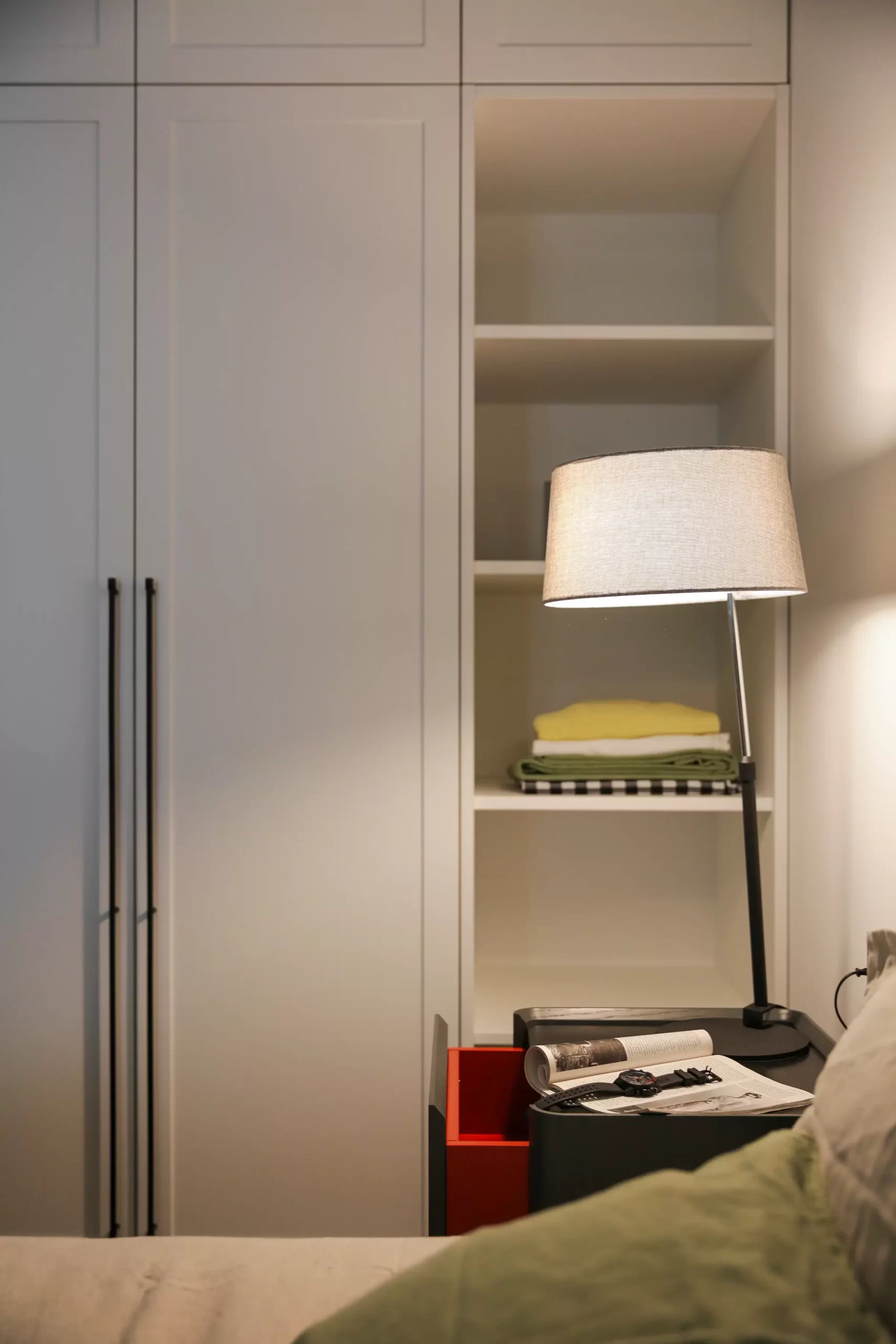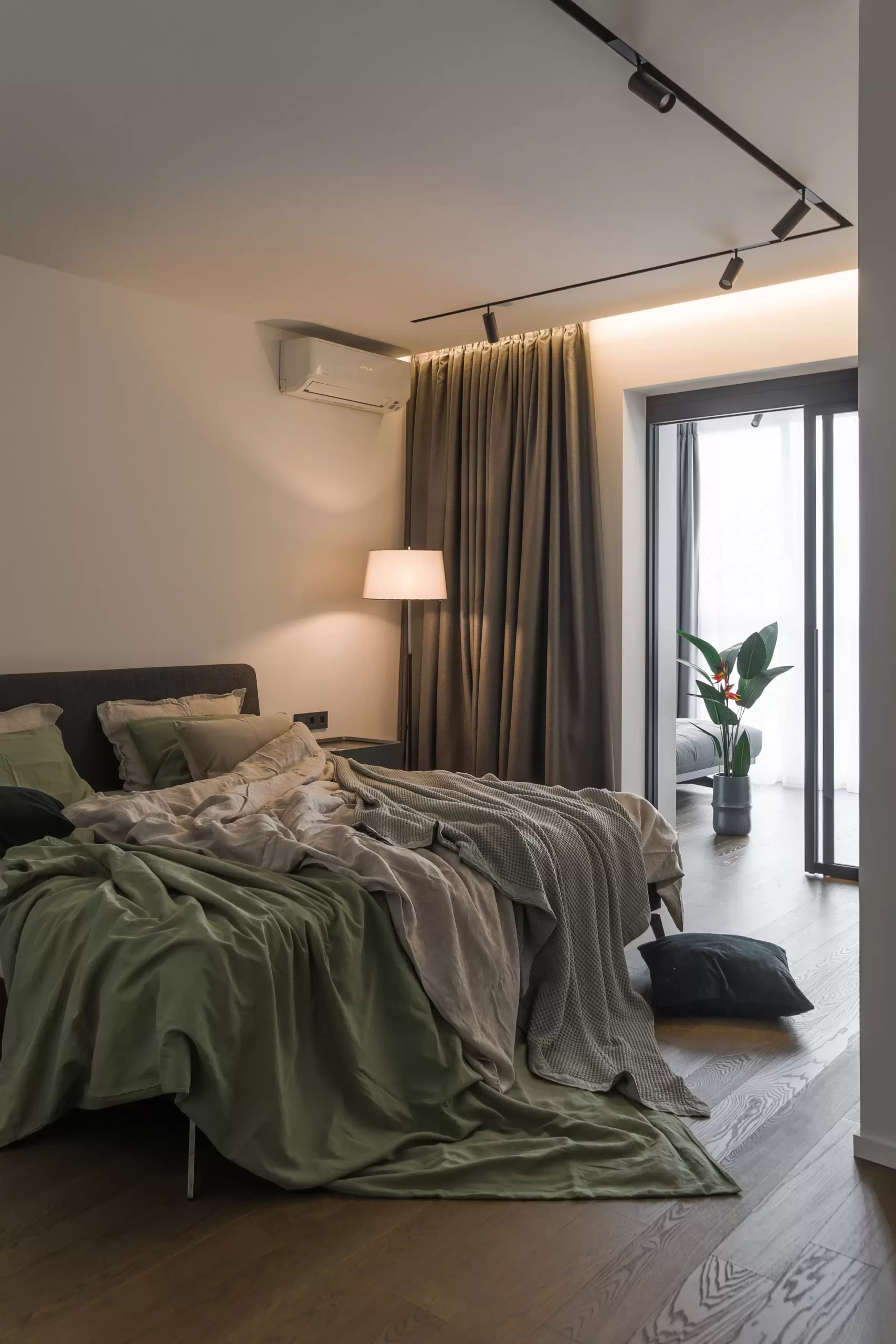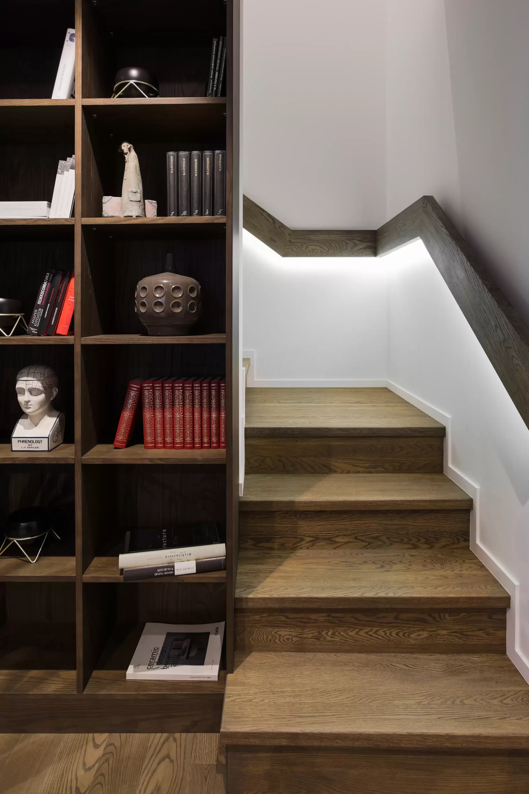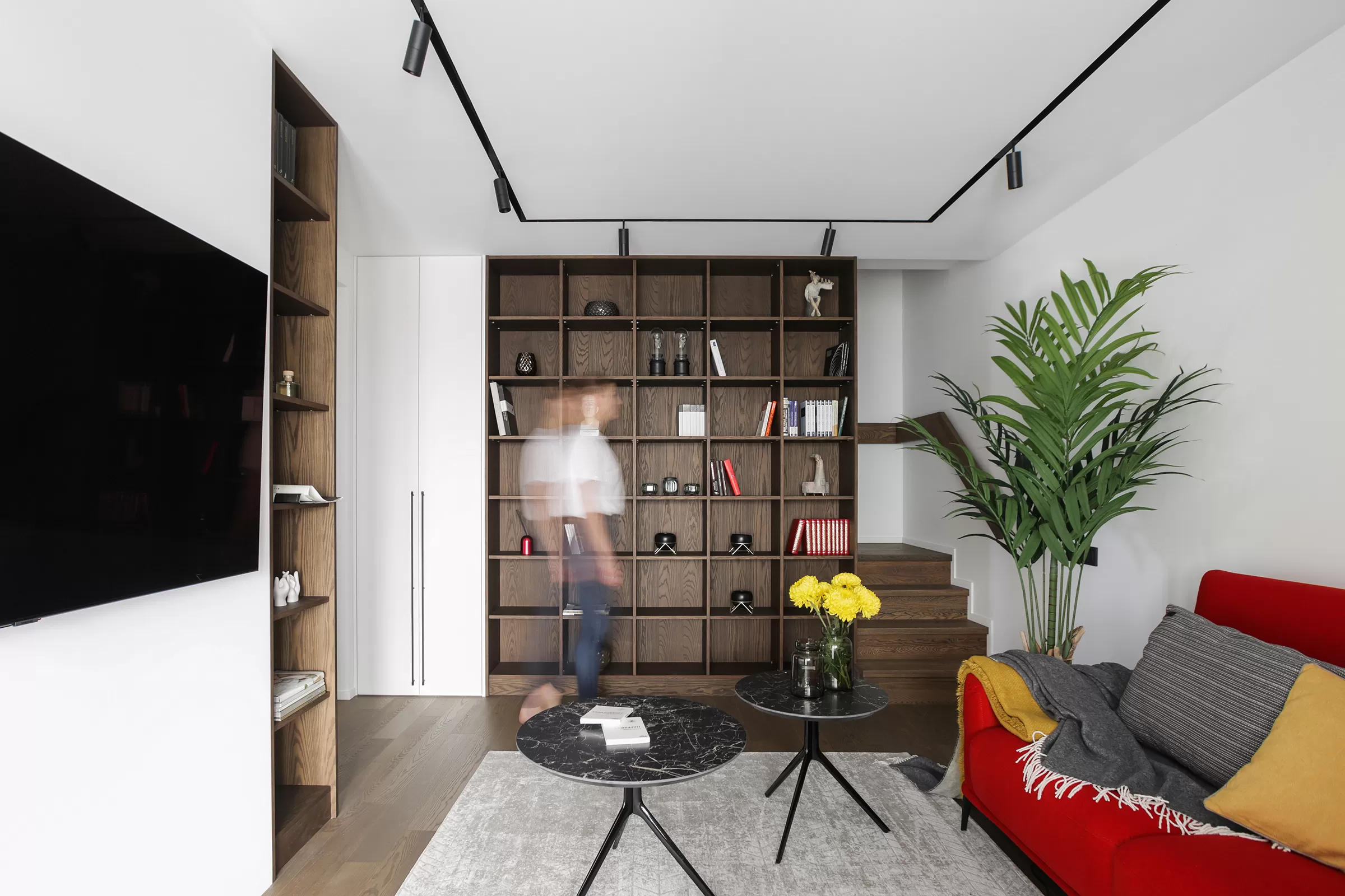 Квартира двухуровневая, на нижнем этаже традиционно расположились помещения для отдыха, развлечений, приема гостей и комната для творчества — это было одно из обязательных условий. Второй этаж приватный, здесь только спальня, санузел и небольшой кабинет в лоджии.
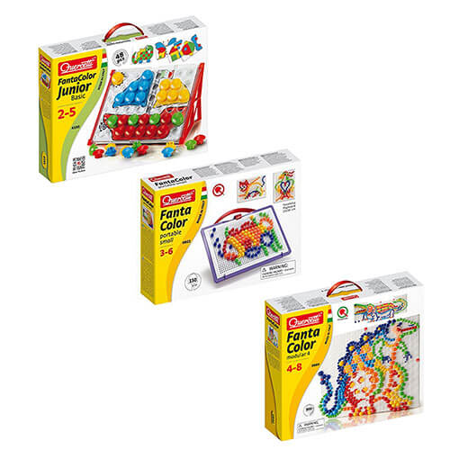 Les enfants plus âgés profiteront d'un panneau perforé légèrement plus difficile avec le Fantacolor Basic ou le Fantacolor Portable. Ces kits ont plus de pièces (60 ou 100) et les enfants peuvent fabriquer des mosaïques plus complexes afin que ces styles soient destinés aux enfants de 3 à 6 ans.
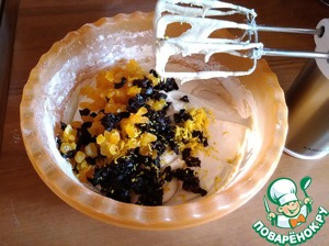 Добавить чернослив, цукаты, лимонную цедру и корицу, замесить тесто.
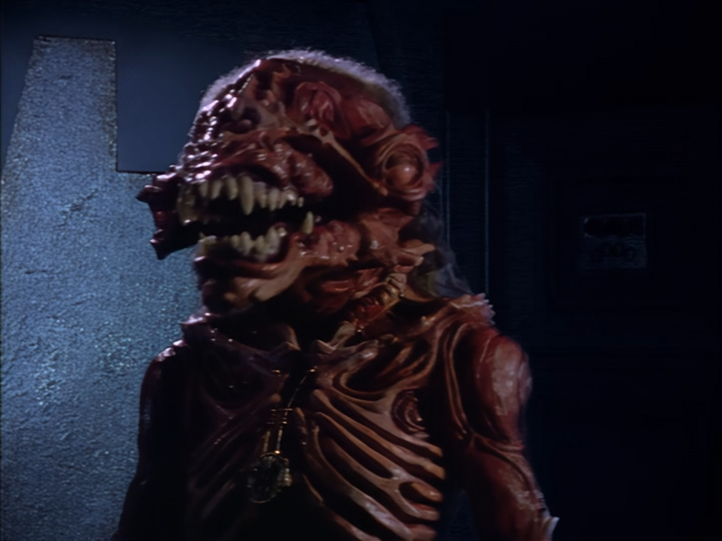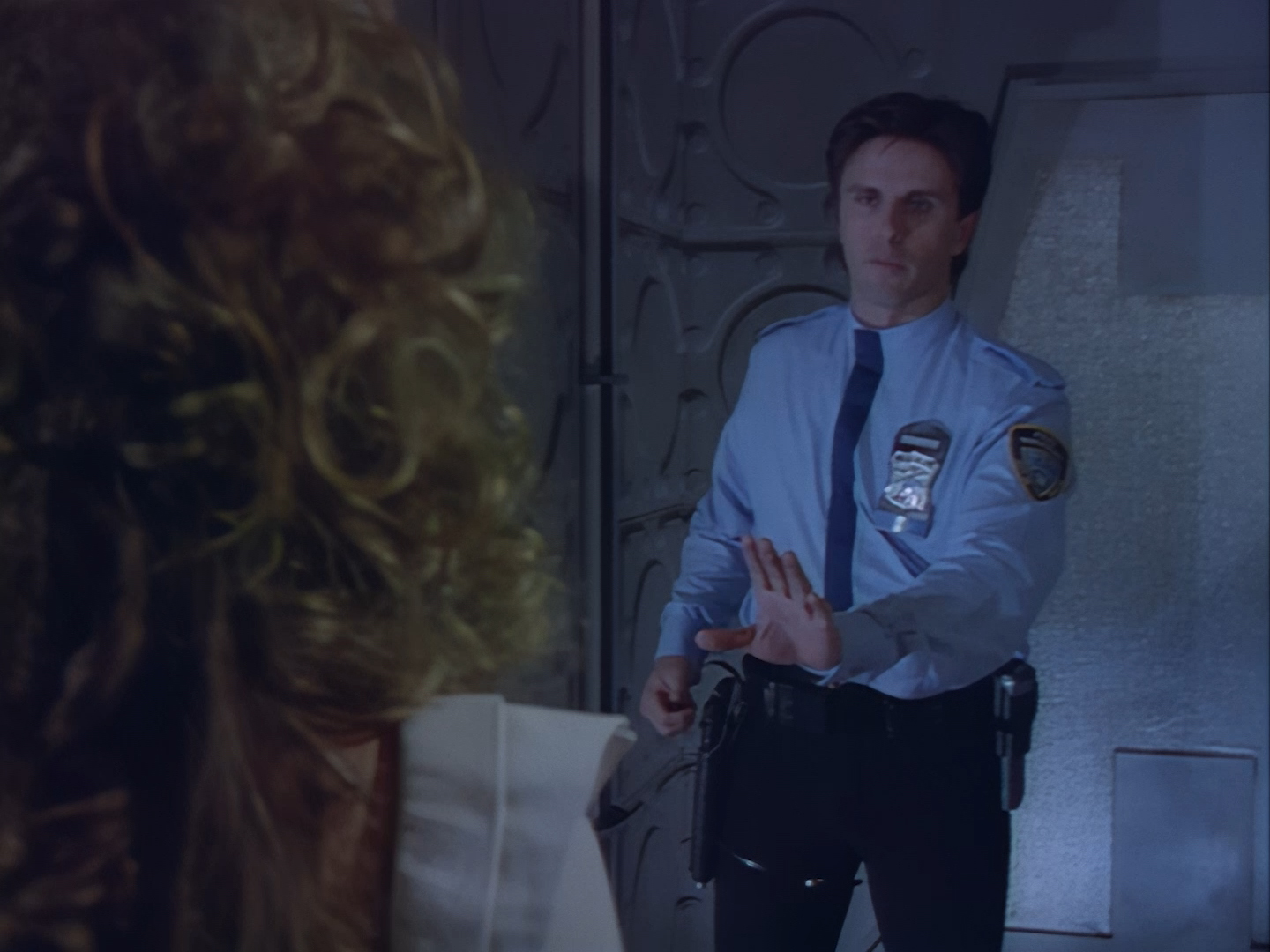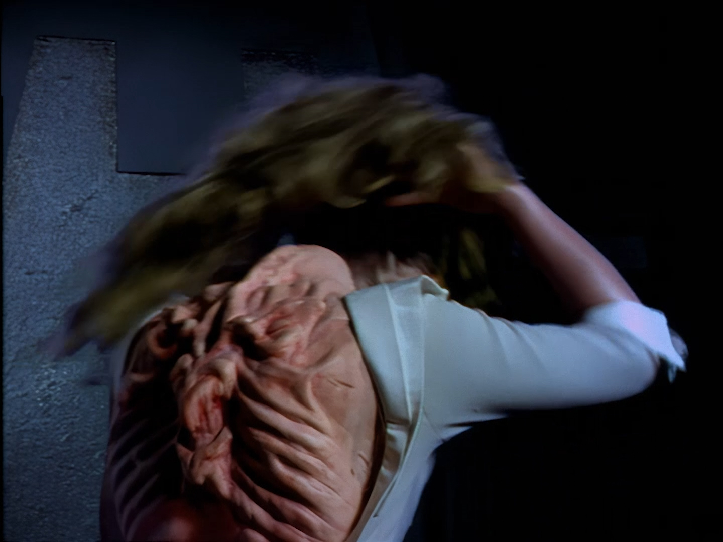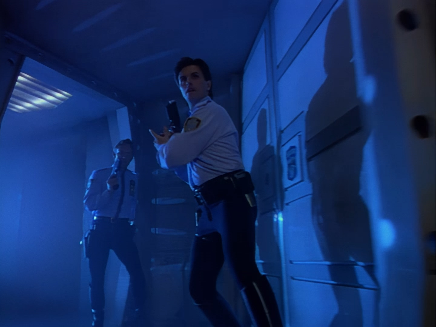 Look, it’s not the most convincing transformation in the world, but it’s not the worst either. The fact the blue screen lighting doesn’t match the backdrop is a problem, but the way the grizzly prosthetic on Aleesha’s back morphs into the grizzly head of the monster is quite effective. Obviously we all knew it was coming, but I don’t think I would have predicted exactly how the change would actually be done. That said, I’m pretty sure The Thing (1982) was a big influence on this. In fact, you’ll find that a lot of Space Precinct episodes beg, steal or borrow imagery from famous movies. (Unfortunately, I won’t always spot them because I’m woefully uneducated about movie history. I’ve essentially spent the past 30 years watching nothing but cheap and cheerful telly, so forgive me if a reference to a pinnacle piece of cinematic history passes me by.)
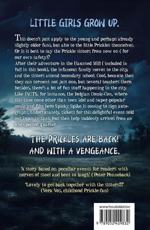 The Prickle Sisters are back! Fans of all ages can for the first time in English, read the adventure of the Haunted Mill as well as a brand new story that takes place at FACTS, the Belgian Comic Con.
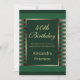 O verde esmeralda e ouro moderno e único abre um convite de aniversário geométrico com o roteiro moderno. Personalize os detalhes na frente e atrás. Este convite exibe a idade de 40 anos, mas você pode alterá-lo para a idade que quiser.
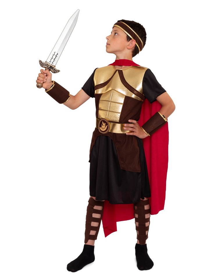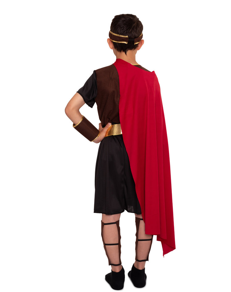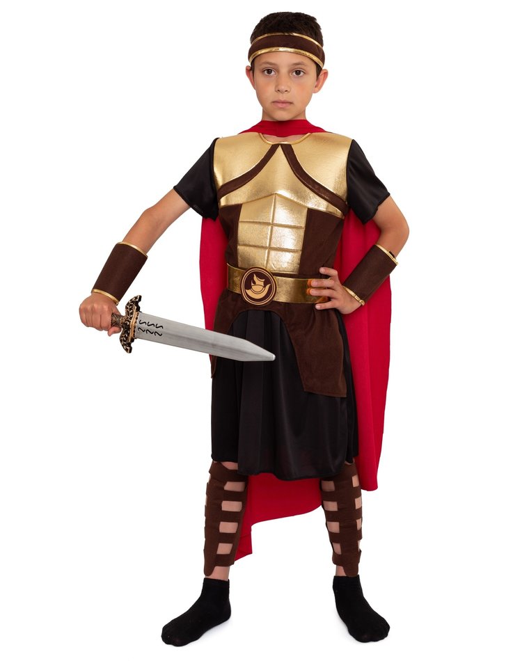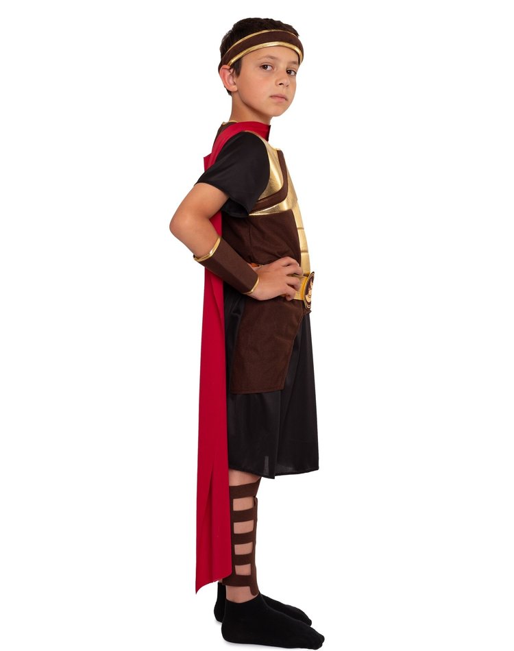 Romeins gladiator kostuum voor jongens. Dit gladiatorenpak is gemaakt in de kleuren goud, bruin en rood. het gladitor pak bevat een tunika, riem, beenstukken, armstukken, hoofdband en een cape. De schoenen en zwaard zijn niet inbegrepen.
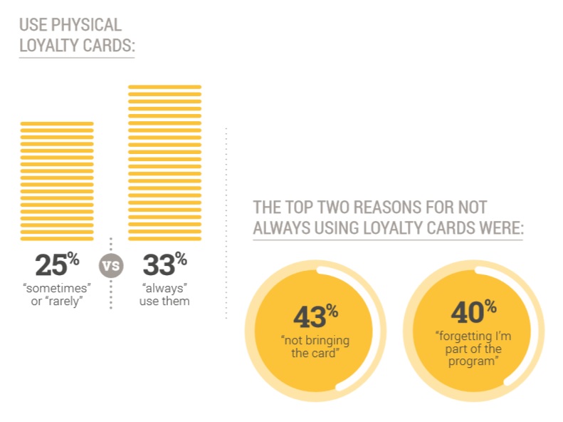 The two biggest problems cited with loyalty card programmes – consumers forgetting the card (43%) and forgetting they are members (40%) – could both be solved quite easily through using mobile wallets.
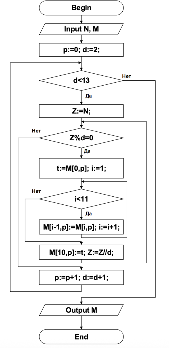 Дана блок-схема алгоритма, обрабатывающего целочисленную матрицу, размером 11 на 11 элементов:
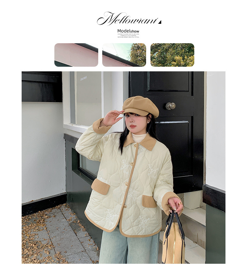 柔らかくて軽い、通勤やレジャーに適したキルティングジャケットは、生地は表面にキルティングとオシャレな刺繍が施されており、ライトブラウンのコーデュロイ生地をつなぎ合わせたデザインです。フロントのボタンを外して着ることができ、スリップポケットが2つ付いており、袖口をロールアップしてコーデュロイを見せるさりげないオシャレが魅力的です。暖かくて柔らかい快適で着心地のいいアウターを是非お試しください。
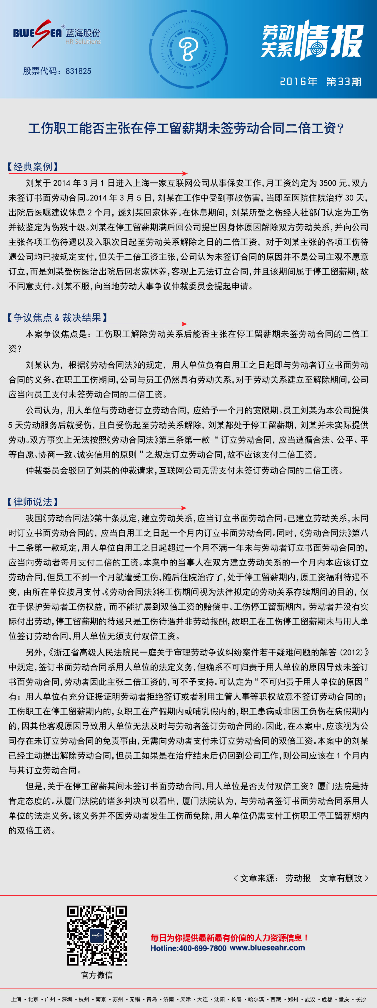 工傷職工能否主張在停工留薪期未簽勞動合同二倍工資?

* * * * * * *

Problem description: Beginning at the line that contains "Дана блок-схема алгоритма, обрабатывающего", copy each remaining line of the records exactly, through the final one. Omit the pictures.

Written answer:
 Дана блок-схема алгоритма, обрабатывающего целочисленную матрицу, размером 11 на 11 элементов:
 柔らかくて軽い、通勤やレジャーに適したキルティングジャケットは、生地は表面にキルティングとオシャレな刺繍が施されており、ライトブラウンのコーデュロイ生地をつなぎ合わせたデザインです。フロントのボタンを外して着ることができ、スリップポケットが2つ付いており、袖口をロールアップしてコーデュロイを見せるさりげないオシャレが魅力的です。暖かくて柔らかい快適で着心地のいいアウターを是非お試しください。
 工傷職工能否主張在停工留薪期未簽勞動合同二倍工資?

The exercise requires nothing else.